Published: June 14, 2020

Wendy Montgomery, Senior Vice President of Global Brand, Marketing, and Communications, IGT and Michelle Carney, Vice President North America Lottery Marketing, IGT

(L) Wendy Montgomery, Senior Vice President of Global Brand, Marketing, and Communications, IGT

(R) Michelle Carney, Vice President North America Lottery Marketing, IGT



IGT must be in over-drive to help your lottery partners get positioned for the post-coronavirus world. 

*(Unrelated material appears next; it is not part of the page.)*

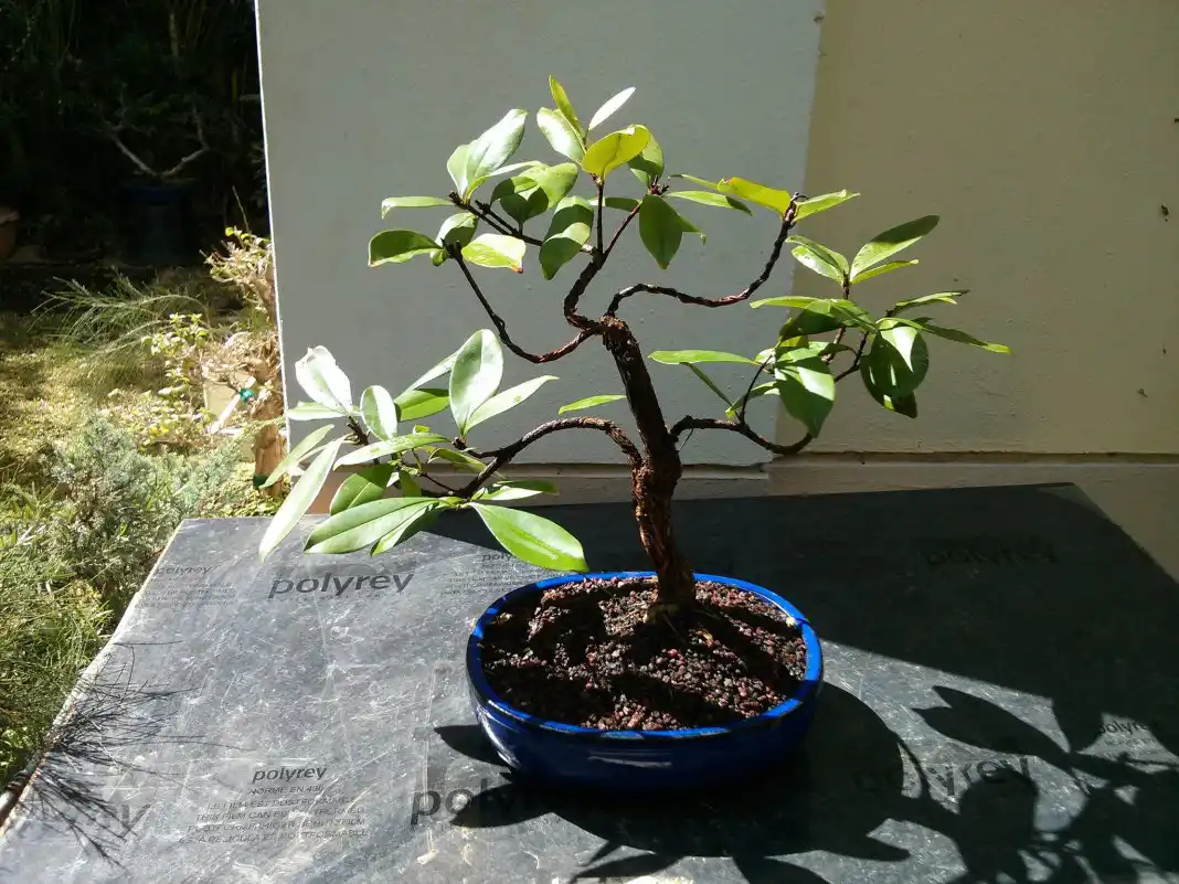 Кора на молодих пагонах євгенії дивує червоним відтінком, який у міру визрівання змінюється більш спокійні і світлі фарби. Коріння з віком зазвичай злегка випирають із ґрунту. Листя євгенії темно-зелене, овально-ланцетове з витягнутими кінчиками, дуже дрібне, сидить на гілочках супротивно. Довжина листя суринамської вишні (до 4-5 см) у кімнатній культурі у бонсай зменшена майже вдвічі. Темно-зелене забарвлення зі світлою, бляклою зворотною стороною виглядають класично. Євгенія дивує бронзовим тоном молодого листя, яке перефарбовується повільно і поступово.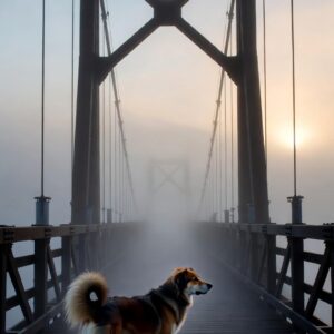 In the early hours of the morning, a lone dog was seen standing on a suspension bridge swallowed by fog. There were no cars. No people. Just…

Michelle Carney: Yes, we are tracking and studying consumer sentiment data, as well as changes in behaviors and attitudes that result from the pandemic to understand how it is influencing consumer purchasing decisions and retail experiences.  The impact of the unprecedented events of the past two months to our industry is quite diverse, as are the related opinions and ways to interpret the data.  As we speak (May 5), states are beginning to open back up.  While we are all motivated to resume normal economic activities, we are also concerned about safety and containing the impacts of COVID-19.  As you mentioned, Paul, we are working to gather and analyze the data, consumer surveys, and all sources of business intelligence to help us build action plans that will help position our customers and the lottery industry for future success.  We are trying to combine IGT’s industry-specific research with that of others on general topics such as how consumer behaviors may or may not be reshaped by this crisis.  It is a complex endeavor to integrate the deep research into the lottery sector with macro-economic data and how lifestyle and shopping trends will change as a result of the lockdown. 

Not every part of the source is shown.